BEGIN COLLECTED MATERIAL

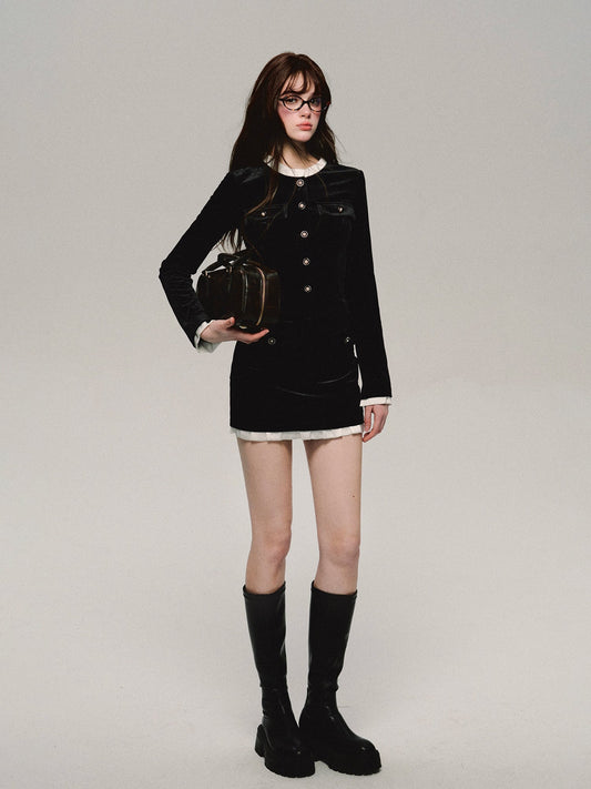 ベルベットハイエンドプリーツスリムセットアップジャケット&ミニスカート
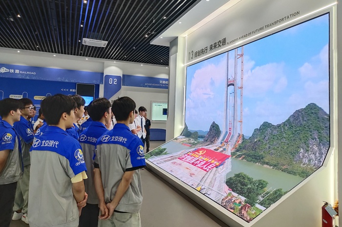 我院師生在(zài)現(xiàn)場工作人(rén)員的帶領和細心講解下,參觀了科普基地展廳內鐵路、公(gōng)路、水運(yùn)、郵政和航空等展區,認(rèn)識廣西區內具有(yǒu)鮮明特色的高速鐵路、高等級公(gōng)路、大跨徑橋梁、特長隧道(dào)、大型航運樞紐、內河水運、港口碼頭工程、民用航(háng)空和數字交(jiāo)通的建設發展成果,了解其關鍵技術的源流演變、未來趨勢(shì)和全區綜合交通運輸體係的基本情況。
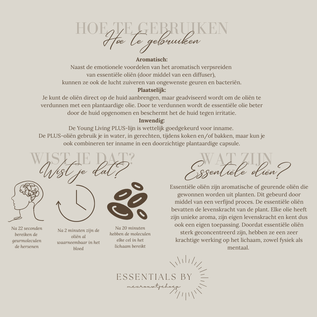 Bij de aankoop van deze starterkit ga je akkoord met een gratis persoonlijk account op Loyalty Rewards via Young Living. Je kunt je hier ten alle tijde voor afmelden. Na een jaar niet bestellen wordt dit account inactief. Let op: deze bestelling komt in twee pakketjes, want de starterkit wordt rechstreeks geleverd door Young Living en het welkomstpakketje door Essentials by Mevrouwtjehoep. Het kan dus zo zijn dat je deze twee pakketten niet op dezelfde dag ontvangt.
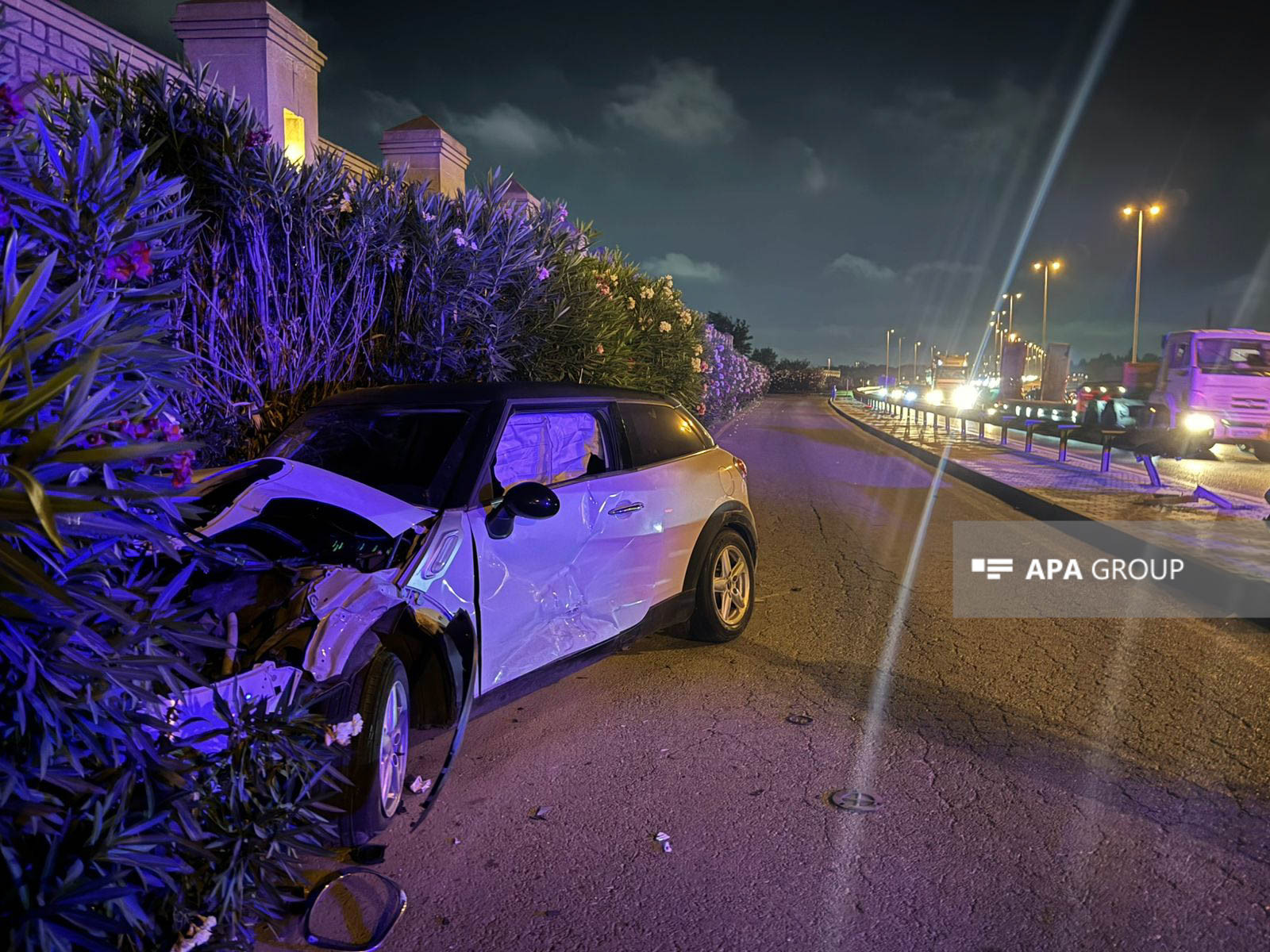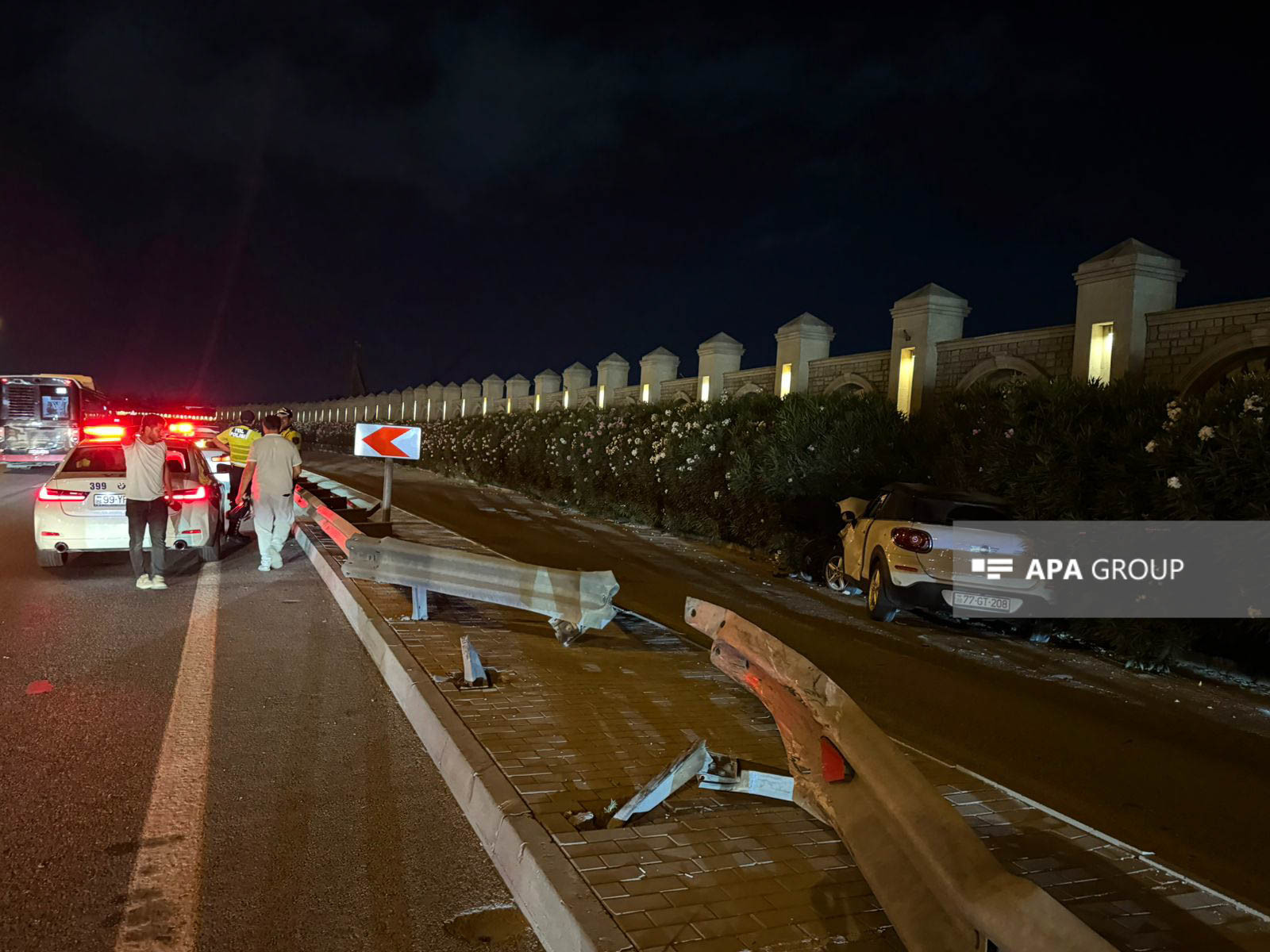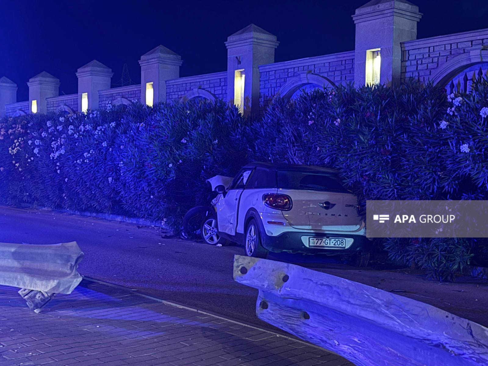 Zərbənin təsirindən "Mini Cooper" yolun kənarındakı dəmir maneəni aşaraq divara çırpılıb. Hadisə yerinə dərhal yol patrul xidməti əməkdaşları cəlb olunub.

END COLLECTED MATERIAL

(WHAT NEEDS TO BE DONE) The required answer is an exact copy of the lines from the one containing "我院師生在(zài)現(xi" through the last line of the material, with the pictures removed.

(ANSWER FOR THE TASK)
 我院師生在(zài)現(xiàn)場工作人(rén)員的帶領和細心講解下,參觀了科普基地展廳內鐵路、公(gōng)路、水運(yùn)、郵政和航空等展區,認(rèn)識廣西區內具有(yǒu)鮮明特色的高速鐵路、高等級公(gōng)路、大跨徑橋梁、特長隧道(dào)、大型航運樞紐、內河水運、港口碼頭工程、民用航(háng)空和數字交(jiāo)通的建設發展成果,了解其關鍵技術的源流演變、未來趨勢(shì)和全區綜合交通運輸體係的基本情況。
 Bij de aankoop van deze starterkit ga je akkoord met een gratis persoonlijk account op Loyalty Rewards via Young Living. Je kunt je hier ten alle tijde voor afmelden. Na een jaar niet bestellen wordt dit account inactief. Let op: deze bestelling komt in twee pakketjes, want de starterkit wordt rechstreeks geleverd door Young Living en het welkomstpakketje door Essentials by Mevrouwtjehoep. Het kan dus zo zijn dat je deze twee pakketten niet op dezelfde dag ontvangt.
 Zərbənin təsirindən "Mini Cooper" yolun kənarındakı dəmir maneəni aşaraq divara çırpılıb. Hadisə yerinə dərhal yol patrul xidməti əməkdaşları cəlb olunub.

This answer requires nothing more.